I got a message from my old roomie saying she was ‘impressed’ at my latest art work -wtf I have no idea which ‘latest art work’ as I hadn’t done anything in months except for few drawings here and there that I haven’t even published- I have to be dead honest that I’ve been reluctant to start drawing again, stupidly enough because in a way it should be interesting to see what comes out after such a long time – I noticed that message ‘woke me up’ literally like Oh! right! ‘art work’ aha… yes me going to ‘art school’ – lol. So I’ll see and not try to see it as a fucking vain activity to do while the world is crumbling down – that’s mostly the ‘idea’ running behind my back I mean, in the back of my head when thinking ‘art’ – ‘how shallow, how selfish, how purpose-less doing that while everything and everyone is just going mad’ – but, okay , it’s for the sake of getting a title within the system – I just breathe through it and do what I can do which I am aware isn’t such a ‘struggle point’ for me, it’s more when I place it into context that the shit comes – so, i’ll just learn how to walk in that again after over a year of not really doing ‘something’. I tend to create an idea of ‘how it will be’ and generally that idea will be a lot ‘more’ of an experience than actually being walking in the school and attending classes and so on.
okay, that’s it for now – just some general experiences, nothing ‘transcendental’ here, just confirming the views on this world and how it is going downward spiraling.
Though, no matter ‘what’ – I remain – so that way, fears and expectations and whatnot are able to be stopped and simply ‘go for the ride’ every day, do what I can, what Is here, to support when possible, to support myself, to give time for myself -which I haven’t been effectively doing – and yes, stopping future projections and concerns about anything! as it is all self-interest based.

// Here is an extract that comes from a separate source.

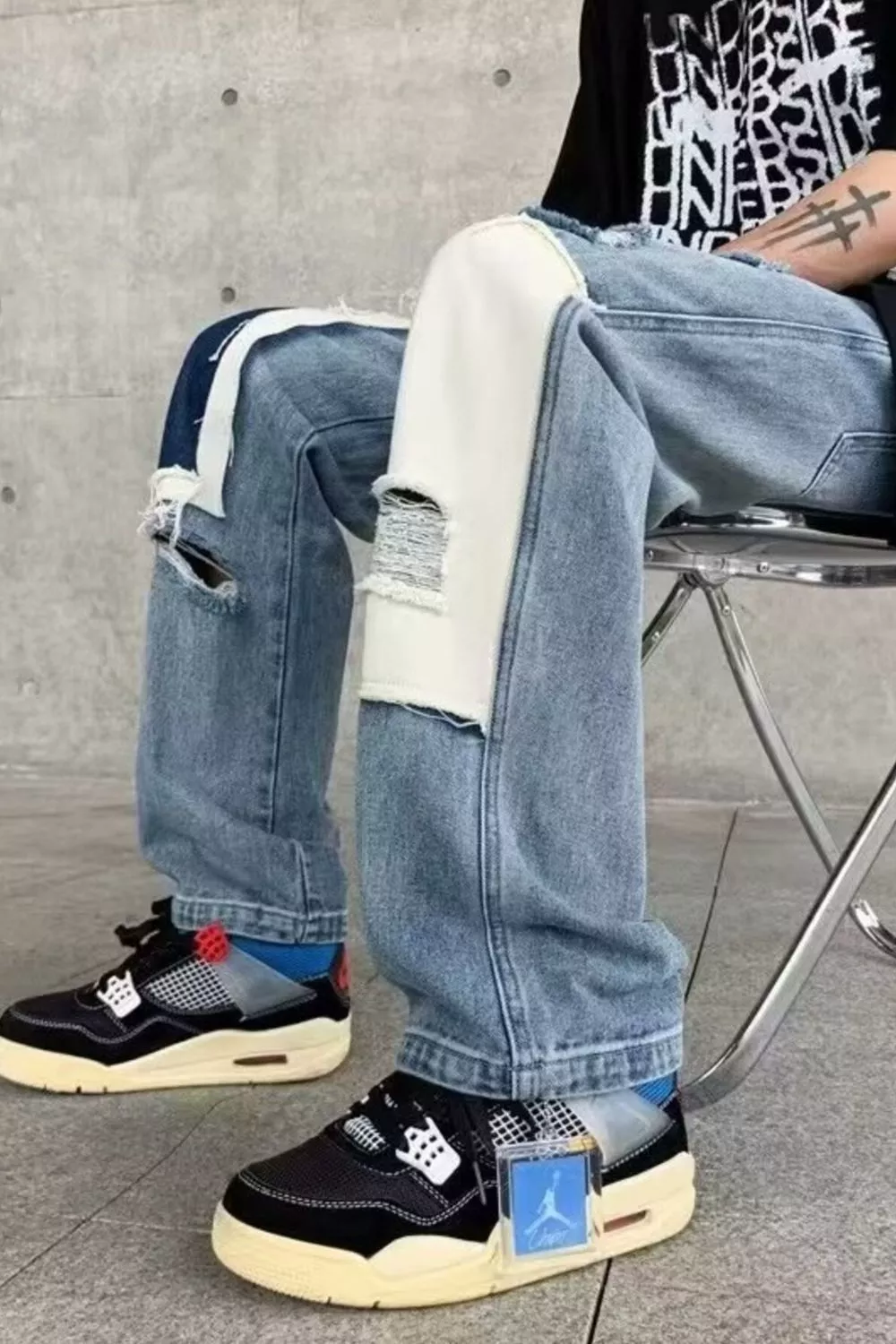 Men's Ripped Patchwork Wide Leg Jeans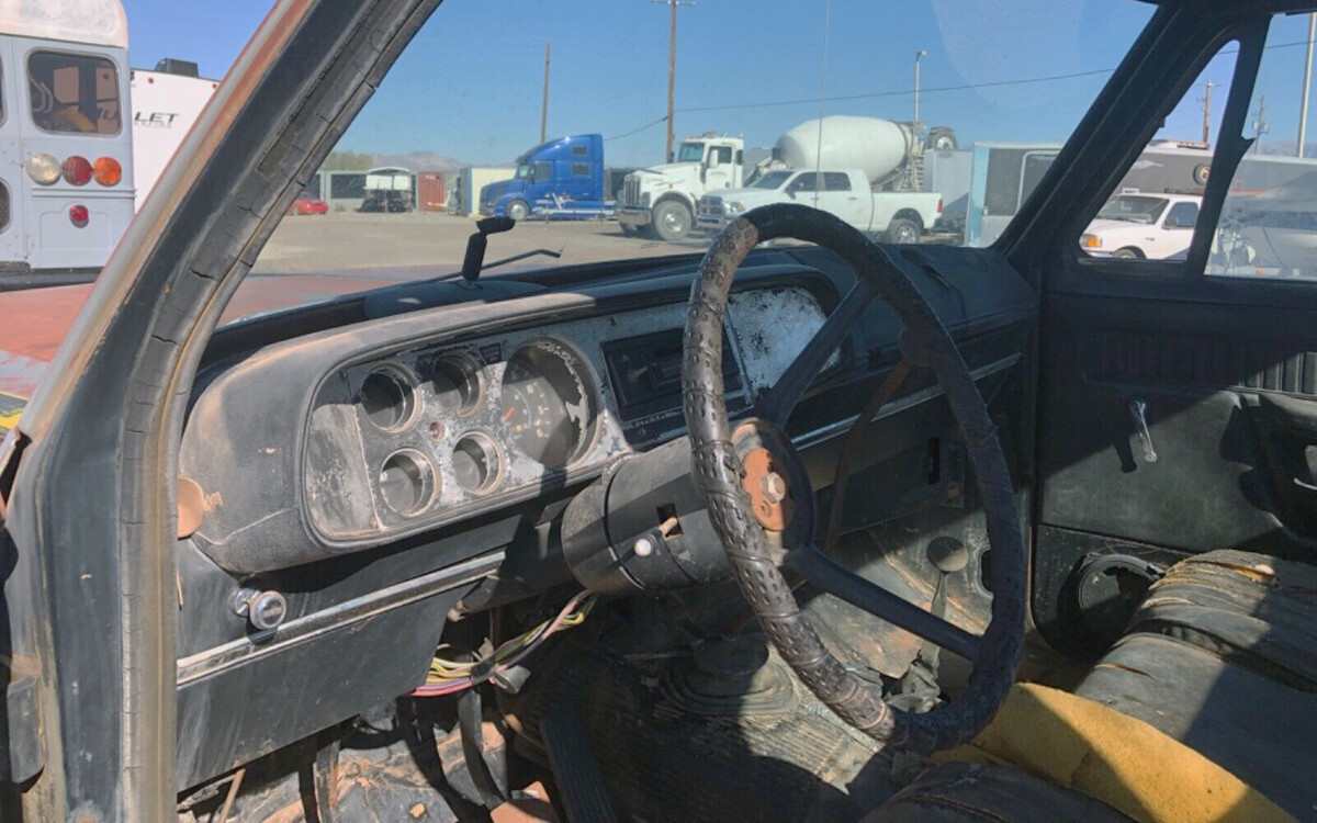The interior is as fried as you would be if you would have been sitting in the Arizona desert for years. Some of it is salvageable, of course, but just plan on spending some scary money inside, after spending a similar amount on the exterior. That’s not even talking about any potential rodent damage to wiring and anything else. The seats are basically gone, but hopefully enough of them are left that they can be used as patterns. Inside the short box looks solid and faded. As rough as this one looks, it would be a fun project. This truck has a four-speed manual transmission, which is pretty cool. It seems like most of them are automatics.

As I said to myself while walking – all I truly ‘want’ is just Equality in all ways, every-way that will stop all madness, all schizophrenia and all the ‘psychles’ that we’ve repeated ourselves as up to this day – (lol yes it is made-up word for psycho and cycles and it’s the second time in the day I’ve used it lol) – So, it’s like a motto ‘Tired of bullshit? Stop your mind’ that is it. Simple.